Break up the input chunk in engine dispatch, creating flush tasks for each broken down part of the chunk

The snag I ran into here is that the flb_task code is very intertwined with the original input chunk the data came from. If we take an input chunk and split it up, then those split up parts of the chunk don't have a proper input chunk to refer to, and things get messy.

Fix this just in `out_stackdriver` by splitting up the event chunk

The problem here is retrying. If one part of the chunk encounters a retryable error, you can't effectively signal back to the engine that only a certain part failed. (I discovered this during my own attempt, just to realize this was called out in the original post on this issue. 😄 )

Take the input chunk breakup code from my PR and move it after filters

EDIT: This is problematic too. The flb_filter_do code takes in an input chunk and uses it to track added/total records as well as doing input chunk tracing. I could probably remove that code but the chunk tracing stuff looks pretty useful.

This is the closest idea that I have right now. There's only one major problem that I can find so far, which is that processors on output plugins will not be covered by this. Data can still be added by output processors and it will not be caught by this procedure (in fact I'm not sure how to cover it given the other issues with doing this in the engine dispatch part of the Fluent Bit core).

@leonardo-albertovich @edsiper Please let me know if you have any other ideas for solving this.

sentoa · 2024-10-01T11:06:40Z

Waiting on solution on this

shuaich · 2024-10-04T00:30:57Z

Reading through pros and cons of proposed solutions, my understanding is there is no easy solution to enforce the max chunk size throughput the pipeline, as additional data can be added in different stages of the pipeline.

If there is no single solution that address all scenarios/use cases, could we prioritize enforcing max chunk size in input plugins, as proposed in #9385, which I think addresses the major use case?

ryanohnemus · 2024-10-04T14:20:19Z

@shuaich While the change by @braydonk helps break up input chunk sizes which may help some users get past the issue, it still doesn't resolve the issue entirely.

As an input chunk (ic) is prepared and passed to an output plugin, the output thread (whether in an actual thread or in the main thread) calls flb_output_flush_create which creates an flb_output_flush record that is currently tied 1 to 1 with the output instance and the full ic.

flb_output_flush_create looks if any processors have been configured and then passes the ic through them which can greatly increase the size of each record.

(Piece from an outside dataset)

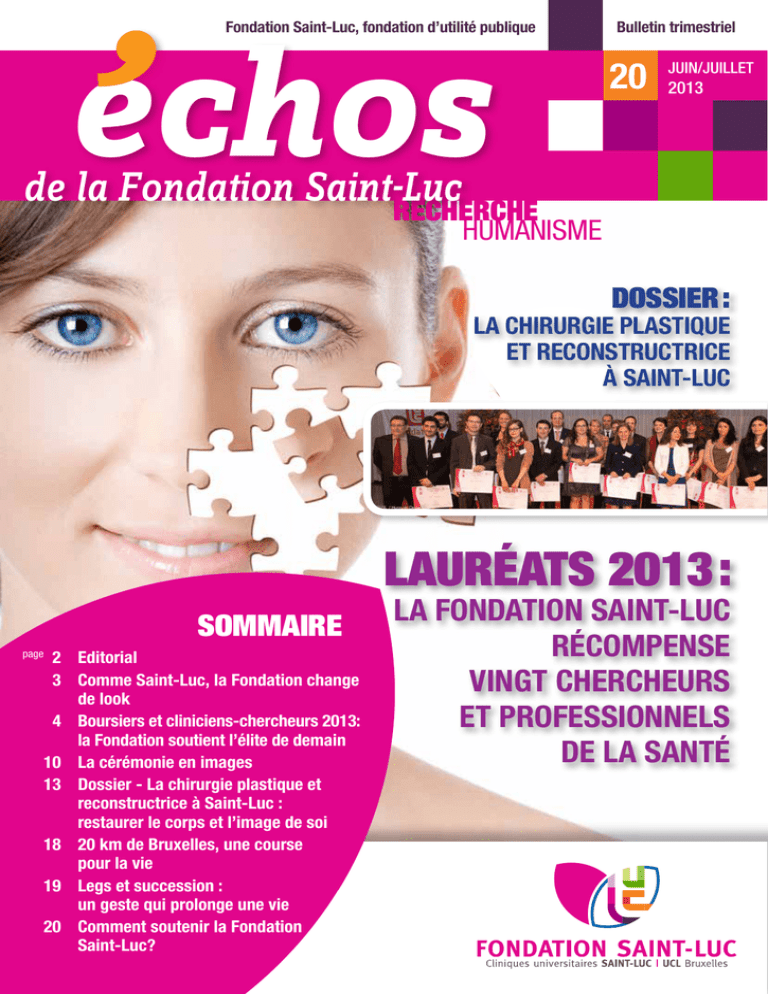 P.3 Comme Saint-Luc, la Fondation change de look P.4 Boursiers et

For example the kubernetes plugin can generally add tons of labels, etc directly into what becomes known as the processed_event_chunk and you wind up again with a chunk that is too large.

That flb_output_flush object is used to call the output instance's flush callback, which is required to call FLB_OUTPUT_RETURN, which signals (OK, RETRY, or ERROR) back to the engine.

I think a solution would be to have the ability to split the processed_event_chunk into multiple chunks after all processors have run. The problem with this is that it would be major changes to how output handling & FLB_OUTPUT_RETURN would work. It's not as simple as breaking processed_event_chunk into smaller chunks and looping over them, as each call to the output instance's flush callback calls FLB_OUTPUT_RETURN which currently signals back to the engine and kills the coro.

We'd first have to break up the processed_event_chunk into multiple chunks, call the output instance flush callback for the first processed chunk, modify the FLB_OUTPUT_RETURN logic to mark the progress in the overall task (of how many records were actually processed), then if it's an FLB_OK return, recursively call the output instance flush callback until all chunks were processed or a retry/error occurs, before finally signaling back to the engine and killing the coro. This feels messy and gets worse if you have an FLB_RETRY return on one of these chunks, you'll have to ensure that the next flb_output_flush_create is aware and only creates a new processed_event_chunk(s) (which is unfortunately recreated with each retry afaik) for the records still waiting to be processed (ie the first pass the output instance handled 1 of 3 chunks properly with chunk 2 returning FLB_RETRY, the second pass through this logic should only create the 2 chunks left).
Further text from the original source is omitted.